Data extracts:

---------------

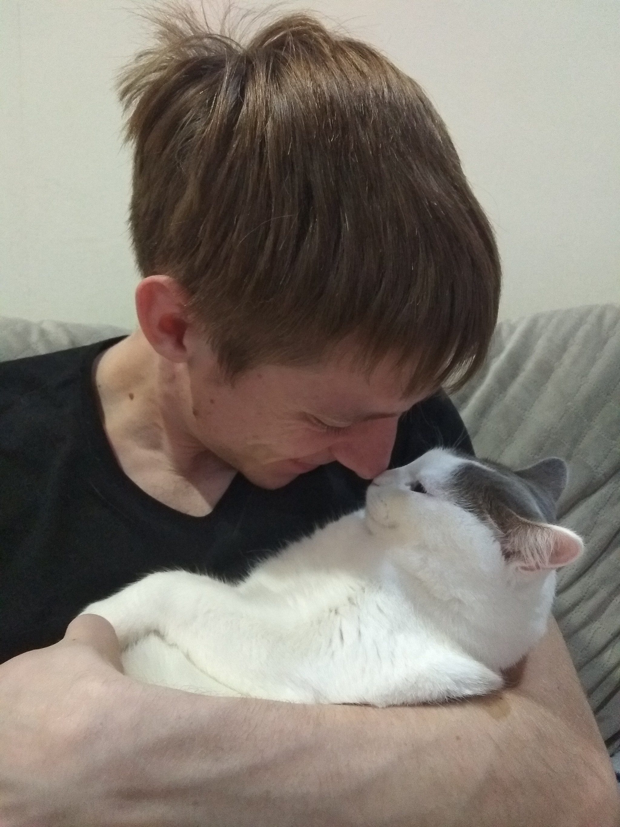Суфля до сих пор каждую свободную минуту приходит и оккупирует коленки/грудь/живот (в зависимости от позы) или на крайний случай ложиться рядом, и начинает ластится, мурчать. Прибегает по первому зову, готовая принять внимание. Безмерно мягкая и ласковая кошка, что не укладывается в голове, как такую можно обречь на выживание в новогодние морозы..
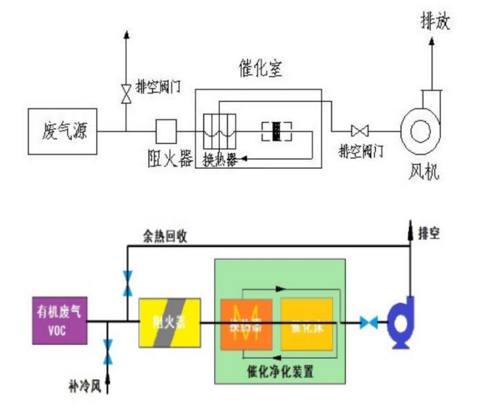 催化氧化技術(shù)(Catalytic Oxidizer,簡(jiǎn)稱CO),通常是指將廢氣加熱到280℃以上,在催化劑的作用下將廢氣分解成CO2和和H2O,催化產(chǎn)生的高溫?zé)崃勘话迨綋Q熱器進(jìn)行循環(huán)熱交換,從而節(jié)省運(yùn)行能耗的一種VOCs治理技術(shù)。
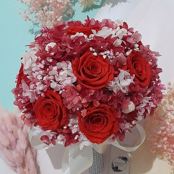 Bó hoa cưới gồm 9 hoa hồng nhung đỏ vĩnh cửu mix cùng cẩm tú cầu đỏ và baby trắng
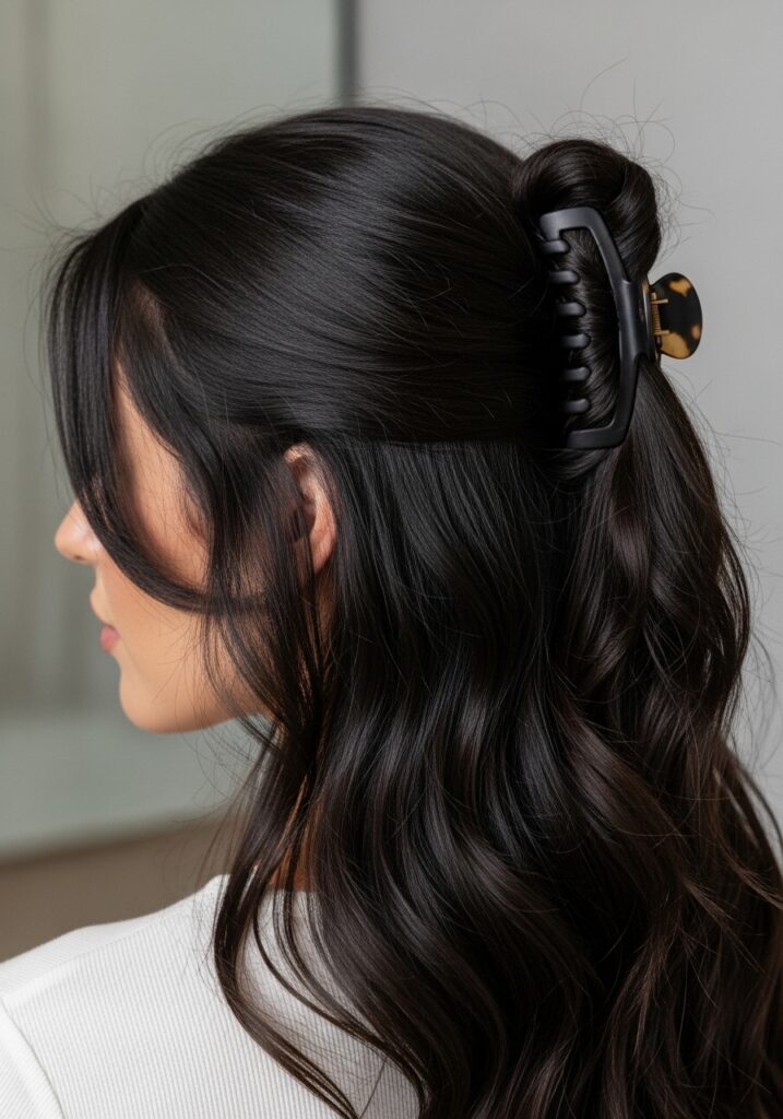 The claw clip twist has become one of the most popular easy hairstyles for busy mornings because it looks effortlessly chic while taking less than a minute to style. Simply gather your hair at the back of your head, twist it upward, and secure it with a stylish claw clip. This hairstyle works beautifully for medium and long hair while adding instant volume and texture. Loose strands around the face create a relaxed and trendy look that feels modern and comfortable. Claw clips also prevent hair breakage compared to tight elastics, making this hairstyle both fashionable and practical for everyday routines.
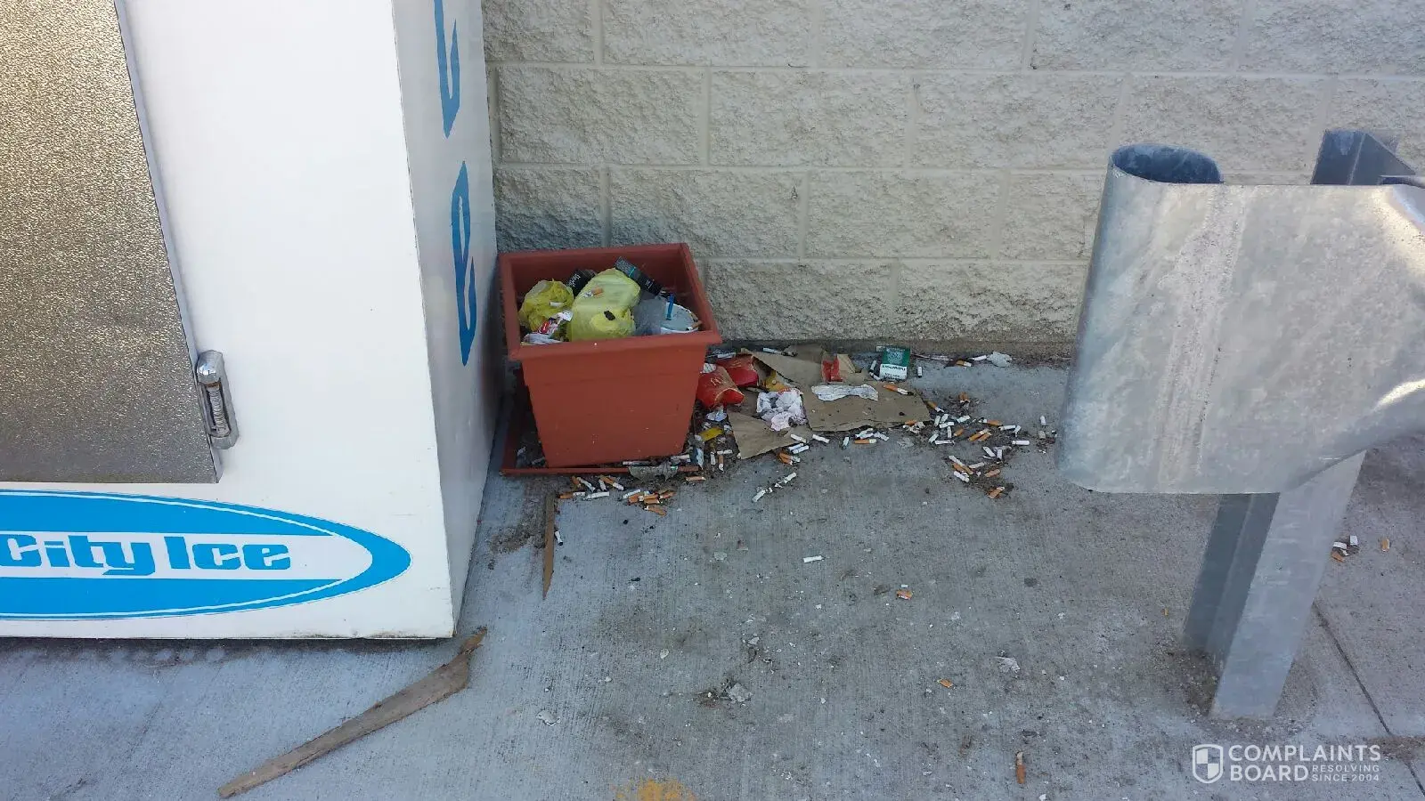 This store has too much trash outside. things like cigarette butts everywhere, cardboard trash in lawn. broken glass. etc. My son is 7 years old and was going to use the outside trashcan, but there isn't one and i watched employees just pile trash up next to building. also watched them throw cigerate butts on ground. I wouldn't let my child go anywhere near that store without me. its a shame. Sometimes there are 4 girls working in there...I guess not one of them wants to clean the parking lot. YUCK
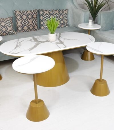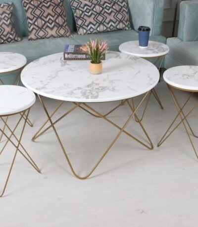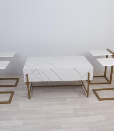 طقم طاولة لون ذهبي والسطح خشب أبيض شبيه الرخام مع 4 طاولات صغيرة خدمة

---------------

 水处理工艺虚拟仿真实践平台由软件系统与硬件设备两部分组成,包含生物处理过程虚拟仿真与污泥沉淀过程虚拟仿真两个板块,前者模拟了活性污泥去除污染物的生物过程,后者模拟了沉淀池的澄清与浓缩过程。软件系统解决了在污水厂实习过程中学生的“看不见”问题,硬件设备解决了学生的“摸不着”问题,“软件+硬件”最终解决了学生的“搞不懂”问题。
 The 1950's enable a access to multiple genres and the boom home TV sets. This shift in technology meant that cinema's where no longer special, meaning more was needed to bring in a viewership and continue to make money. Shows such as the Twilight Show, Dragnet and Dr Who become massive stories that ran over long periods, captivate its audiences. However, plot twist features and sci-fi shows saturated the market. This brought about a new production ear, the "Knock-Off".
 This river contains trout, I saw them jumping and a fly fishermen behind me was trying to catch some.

---------------

How to complete this task: In the entries above, find the line with "The 1950's enable" and the line with "This river contains", then restate word for word both of them and every line between, with nothing more.

Answer to the exercise:
 The 1950's enable a access to multiple genres and the boom home TV sets. This shift in technology meant that cinema's where no longer special, meaning more was needed to bring in a viewership and continue to make money. Shows such as the Twilight Show, Dragnet and Dr Who become massive stories that ran over long periods, captivate its audiences. However, plot twist features and sci-fi shows saturated the market. This brought about a new production ear, the "Knock-Off".
 This river contains trout, I saw them jumping and a fly fishermen behind me was trying to catch some.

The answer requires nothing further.